## Records drawn from a dataset

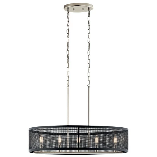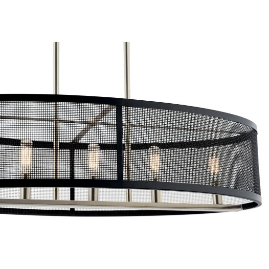 This beautiful brushed nickel fixture with a satin black metal mesh shade is part of the Edmund collection. It offers contrast and visual interest. This piece will accent your room beautifully.
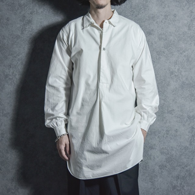 スウェーデン軍よりデッドストックのプルオーバーロングシャツをご紹介。 人気のスウェーデン軍の中でも、特に探している方の多い50年代製のロング丈グランパシャツ。 完成されたデザインで、様々なブランドがサンプリングする名作です。 後年のものとは違い脇のくりが深めのプルオーバーで、着丈も長く横幅も適度なゆとりのある着やすいシルエットで、フロントはメタルボタンが付き、袖口のボタンは同じ50年代のスウェーデン軍のものですが、やや後期の樹脂ボタンに付け替えられています。 素材は薄手の平織りコットンで、適度なハリとリネンのようなシャリ感が特徴。 綺麗にドレープも出るので、着た時の雰囲気が抜群です。 古い年代のユーロシャツ特有の針目の細かいステッチで、ミリタリーアイテムとは思えないほど丁寧な作りになっています。 人気の反面デッドストックで見かけることはほぼなくなった逸品です。 お探しだった方はぜひこの機会にご検討ください。 デッドストックですが一度水通しを済ませております。 【color】 オフ 【material】 コットン 【period】 50s 【condition】 こちらはデッドストックアイテムです。 特記するダメージ等は写真、またはテキストにてご説明しておりますが、生産されてから長期間経過しておりますので、経年変化等ございますが、風合いとしてご理解頂き、ご購入下さい。 【size spec 】 着丈 約90cm 身幅 約57cm 肩幅 約45cm 袖丈 約63cm ※サイズ計測の多少の誤差はご了承下さい。 【model】 173cm 60kg --返品・交換に関して-- 商品にご満足いただけなかった場合、お届け後3日以内に当店までご連絡いただければ、返品・交換を承ります。 なお、商品は返送後に未使用であると当店が判断でさせて頂いた場合のみ返品・交換を受け付けます。 サイズ交換など、お客様都合による返品の場合は、往復送料はお客様負担となります。 商品到着後、お手数ですが商品状態をご確認いただき、写真との相違、不良品等がある場合は下記、メールアドレスまでお早めにご連絡ください。 [email protected] ーー配送に関してーー ご注文いただいてから3営業日以内を目処に発送いたします。(土日祝日、年末年始(12/29〜1/3)の発送は行っておりません。) ※1)送料に関しましてはシステム上、個別設定ができないため全国一律800円を頂戴しております。 税込11,000円以上お買い上げで送料無料です。 ※2)配送にはヤマト運輸(株)を利用しており、宅急便だけでなく宅急便コンパクト、ネコポスでお送りさせて頂く場合もございますのであらかじめご了承下さい。 レビューを書いて下さる方には、簡単なノベルティをプレゼントします。 購入時、要望の備考欄に『ノベルティ希望』と入力の上、ご購入お願いします。
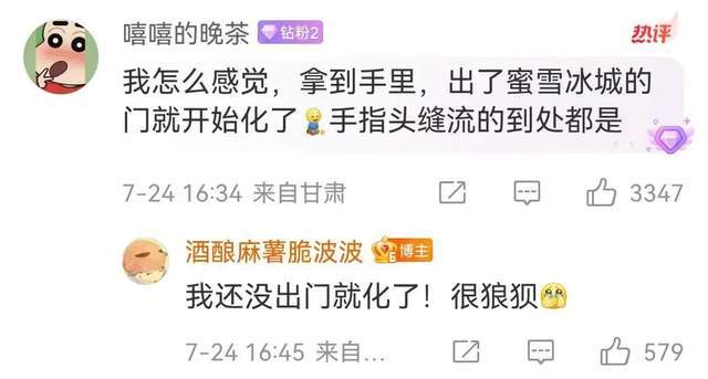 有网友表示:“出了蜜雪冰城的门就开始化了,手指头缝流得到处都是。”甚至有网友说:“还没出门就化了!很狼狈。”
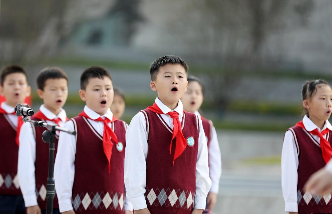 儀式上,少先隊(duì)員們集體朗誦《兩彈一星,我們把你追尋》,激勵(lì)廣大少先隊(duì)員以先輩為榜樣,傳承和弘揚(yáng)“兩彈一星”精神。
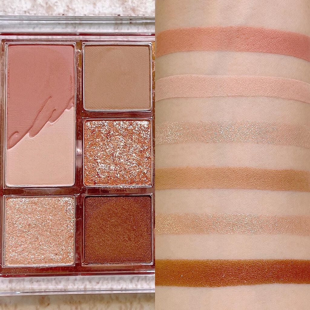 カラーバリエーションが豊富なので 使いやすいマットカラー3色に 透明感のあるパール(左下)1色というのが ブラウンパレットだけでも3種類あるので 捨て色なしでデイリーに使いやすいものばかりなので
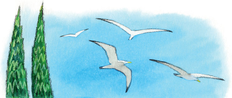 И вот мы на море! И я кормлю чаек вместо зарядки. А море – гладкое, как бритва, с острым горизонтом. Ни волн, ни ветров, одни чайки рано утром шумят на берегу.
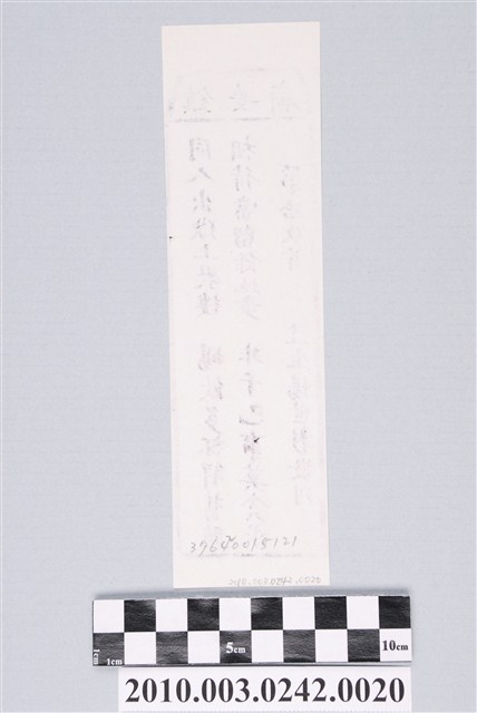 本件為木雕印版所印刷的宜蘭五結鎮安廟第拾玖首籤詩,籤詩頭刻有「鎮安廟」,下方有籤詩序號第拾玖首,內容「同人出獄上歌樓,暢欽多杯解舊愁;相待當留餘地步,非子巳事莫貪求。」由監生楊世彰敬刊。鎮安廟又稱二結王公廟,奉祀古公三王(柳、葉、英姓三位),1997年進行「千人移廟」所著名。一套籤的數量有36、60、100、120等等,籤詩普遍涵蓋人生面相的正負解釋,藉由解籤人或求籤人的主客觀判斷,解惑尋求化解之道,是民眾的一種心理諮商管道。
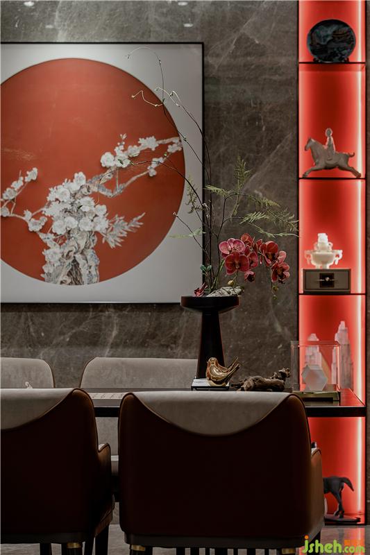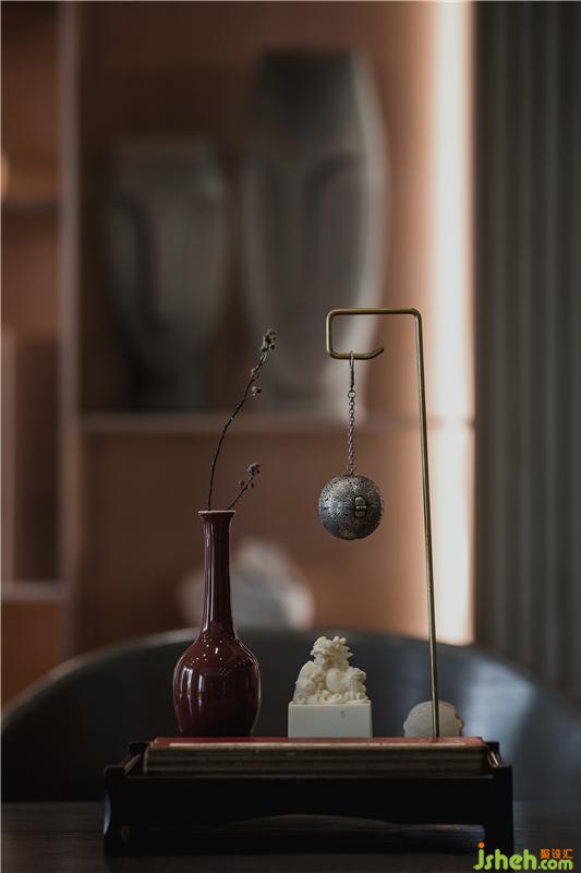 負(fù)一層,紅藍(lán)色的跳色,加入整個(gè)空間,顯得生動(dòng)有活力,更具有藏品室的氣質(zhì)。會(huì)看花的人,就會(huì)看云、看月、看星辰,并且在人世中的一切看到智慧。當(dāng)習(xí)習(xí)晚風(fēng)、夜幕穹頂,選擇沐浴更衣、焚香靜讀,在這樣一處同樣雅韻備至的空間,顯露自己的優(yōu)雅情致、表達(dá)著對生活的衷心虔誠。

## WHAT THE TASK REQUIRES
Set every record down verbatim. No pictures belong in the copy.

## SOLVED EXERCISE
 This beautiful brushed nickel fixture with a satin black metal mesh shade is part of the Edmund collection. It offers contrast and visual interest. This piece will accent your room beautifully.
 スウェーデン軍よりデッドストックのプルオーバーロングシャツをご紹介。 人気のスウェーデン軍の中でも、特に探している方の多い50年代製のロング丈グランパシャツ。 完成されたデザインで、様々なブランドがサンプリングする名作です。 後年のものとは違い脇のくりが深めのプルオーバーで、着丈も長く横幅も適度なゆとりのある着やすいシルエットで、フロントはメタルボタンが付き、袖口のボタンは同じ50年代のスウェーデン軍のものですが、やや後期の樹脂ボタンに付け替えられています。 素材は薄手の平織りコットンで、適度なハリとリネンのようなシャリ感が特徴。 綺麗にドレープも出るので、着た時の雰囲気が抜群です。 古い年代のユーロシャツ特有の針目の細かいステッチで、ミリタリーアイテムとは思えないほど丁寧な作りになっています。 人気の反面デッドストックで見かけることはほぼなくなった逸品です。 お探しだった方はぜひこの機会にご検討ください。 デッドストックですが一度水通しを済ませております。 【color】 オフ 【material】 コットン 【period】 50s 【condition】 こちらはデッドストックアイテムです。 特記するダメージ等は写真、またはテキストにてご説明しておりますが、生産されてから長期間経過しておりますので、経年変化等ございますが、風合いとしてご理解頂き、ご購入下さい。 【size spec 】 着丈 約90cm 身幅 約57cm 肩幅 約45cm 袖丈 約63cm ※サイズ計測の多少の誤差はご了承下さい。 【model】 173cm 60kg --返品・交換に関して-- 商品にご満足いただけなかった場合、お届け後3日以内に当店までご連絡いただければ、返品・交換を承ります。 なお、商品は返送後に未使用であると当店が判断でさせて頂いた場合のみ返品・交換を受け付けます。 サイズ交換など、お客様都合による返品の場合は、往復送料はお客様負担となります。 商品到着後、お手数ですが商品状態をご確認いただき、写真との相違、不良品等がある場合は下記、メールアドレスまでお早めにご連絡ください。 [email protected] ーー配送に関してーー ご注文いただいてから3営業日以内を目処に発送いたします。(土日祝日、年末年始(12/29〜1/3)の発送は行っておりません。) ※1)送料に関しましてはシステム上、個別設定ができないため全国一律800円を頂戴しております。 税込11,000円以上お買い上げで送料無料です。 ※2)配送にはヤマト運輸(株)を利用しており、宅急便だけでなく宅急便コンパクト、ネコポスでお送りさせて頂く場合もございますのであらかじめご了承下さい。 レビューを書いて下さる方には、簡単なノベルティをプレゼントします。 購入時、要望の備考欄に『ノベルティ希望』と入力の上、ご購入お願いします。
 有网友表示:“出了蜜雪冰城的门就开始化了,手指头缝流得到处都是。”甚至有网友说:“还没出门就化了!很狼狈。”
 儀式上,少先隊(duì)員們集體朗誦《兩彈一星,我們把你追尋》,激勵(lì)廣大少先隊(duì)員以先輩為榜樣,傳承和弘揚(yáng)“兩彈一星”精神。
 カラーバリエーションが豊富なので 使いやすいマットカラー3色に 透明感のあるパール(左下)1色というのが ブラウンパレットだけでも3種類あるので 捨て色なしでデイリーに使いやすいものばかりなので
 И вот мы на море! И я кормлю чаек вместо зарядки. А море – гладкое, как бритва, с острым горизонтом. Ни волн, ни ветров, одни чайки рано утром шумят на берегу.
 本件為木雕印版所印刷的宜蘭五結鎮安廟第拾玖首籤詩,籤詩頭刻有「鎮安廟」,下方有籤詩序號第拾玖首,內容「同人出獄上歌樓,暢欽多杯解舊愁;相待當留餘地步,非子巳事莫貪求。」由監生楊世彰敬刊。鎮安廟又稱二結王公廟,奉祀古公三王(柳、葉、英姓三位),1997年進行「千人移廟」所著名。一套籤的數量有36、60、100、120等等,籤詩普遍涵蓋人生面相的正負解釋,藉由解籤人或求籤人的主客觀判斷,解惑尋求化解之道,是民眾的一種心理諮商管道。
 負(fù)一層,紅藍(lán)色的跳色,加入整個(gè)空間,顯得生動(dòng)有活力,更具有藏品室的氣質(zhì)。會(huì)看花的人,就會(huì)看云、看月、看星辰,并且在人世中的一切看到智慧。當(dāng)習(xí)習(xí)晚風(fēng)、夜幕穹頂,選擇沐浴更衣、焚香靜讀,在這樣一處同樣雅韻備至的空間,顯露自己的優(yōu)雅情致、表達(dá)著對生活的衷心虔誠。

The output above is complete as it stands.